Here we examine the relationship between the virial and stellar mass for a range of old stellar systems, from GCs to giant ellipticals, and including such Intermediate Mass Objects (IMOs). Improvements on previous work in this area include the use of (i) near-infrared magnitudes from the 2MASS survey, (ii) aperture corrections to velocity dispersions, (iii) homogeneous half light radii and (iv) accounting for the effects of non-homology in galaxies. We find a virial-to-stellar mass relation that ranges from ~10$^4$ M_o systems (GCs) to ~10$^11$ M_o systems (elliptical galaxies). The lack of measured velocity dispersions for dwarf ellipticals with -16 > M_K > -18 (~10$^8$ M_o) currently inhibits our ability to determine how, or indeed if, these galaxies connect continuously with GCs in terms of their virial-to-stellar mass ratios. We find elliptical galaxies to have roughly equal fractions of dark and stellar matter within a virial radius; only in the most massive (greater than 10$^11$ M_o) ellipticals does dark matter dominate the virial mass.
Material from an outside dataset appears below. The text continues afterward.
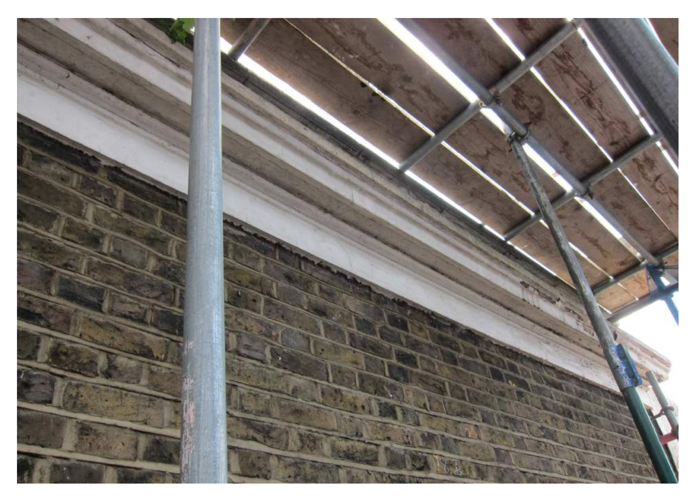
Stucco cornice to street elevation parapet

Although the IMOs reveal slightly higher virial-to-stellar mass ratios than lower mass GCs, this may simply reflect our limited understanding of their IMF (and hence their stellar mass-to-light ratios) or structural properties. We argue that most of these intermediate mass objects are a natural extension of the GC sequence to higher masses, i.e. IMOs are essentially massive star clusters. [Abridged].